2. An explanation of what the vulnerability was.
3. An explanation of how you would patch the vulnerability.
4. The patch from the coding challenge.

Recommended Resources

I recommend choosing one of the following ways to find and exploit vulnerabilities:

• Using Burp Suite is the easiest way to do it. This program will let you see and modify traffic between the browser and the server.
• Using the browser’s developer console, if you prefer to learn the details of the developer console instead of relying on a separate tool. An example of how to do so can be seen in this Stack Overflow thread.

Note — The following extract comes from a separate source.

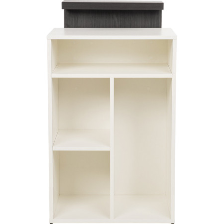 Moderner weißer Empfangstresen mit dunklem Holzaufsatz, minimalistisches Design für Haarsalons oder Praxisempfang - Rückseite

These tools are also available as an alternative to Burp Suite:

• Fiddler
• Tamper Dev

In this project, you are also free to search the web for additional details about the attacks you will need to conduct. Don’t search for solutions, but you are otherwise free to use online resources. This is how real hacking works and is an important skill to build. Some websites that might be helpful include,

• Cross-site scripting
• SQL injection
• REST APIs
• React. This is the technology used to built Juice Shop. Don’t feel the need to read this all, but could be a helpful resource to search for specific questions.

We have also included a pentesting.pdf in the handout that you may find useful.

Grading Rubric

For most problems, you can receive 40 points:

• 15 points for listing the steps needed to execute your exploit
• 10 points for explaining what the vulnerability is
• 10 points for explaining how to patch the vulnerability (in a general sense)
• 5 points for correctly copying the patch from the coding challenge

Several problems slightly deviate from this grading rubric:

• You will not receive any points for finding the scoreboard. However, you will lose 20 points if you do not describe how you found it.
• The Reflected XSS problem does not have a coding challenge. You will receive those five points for correctly describing how to patch the vulnerability (in a general sense).
• The API-Only XSS is worth double points (80 points). This challenges incorporates what you have learned from previous steps and is significantly harder.

In total, 320 points are available for this project.

Handout

Handout file

Submission

Submit your submission.md file on Canvas.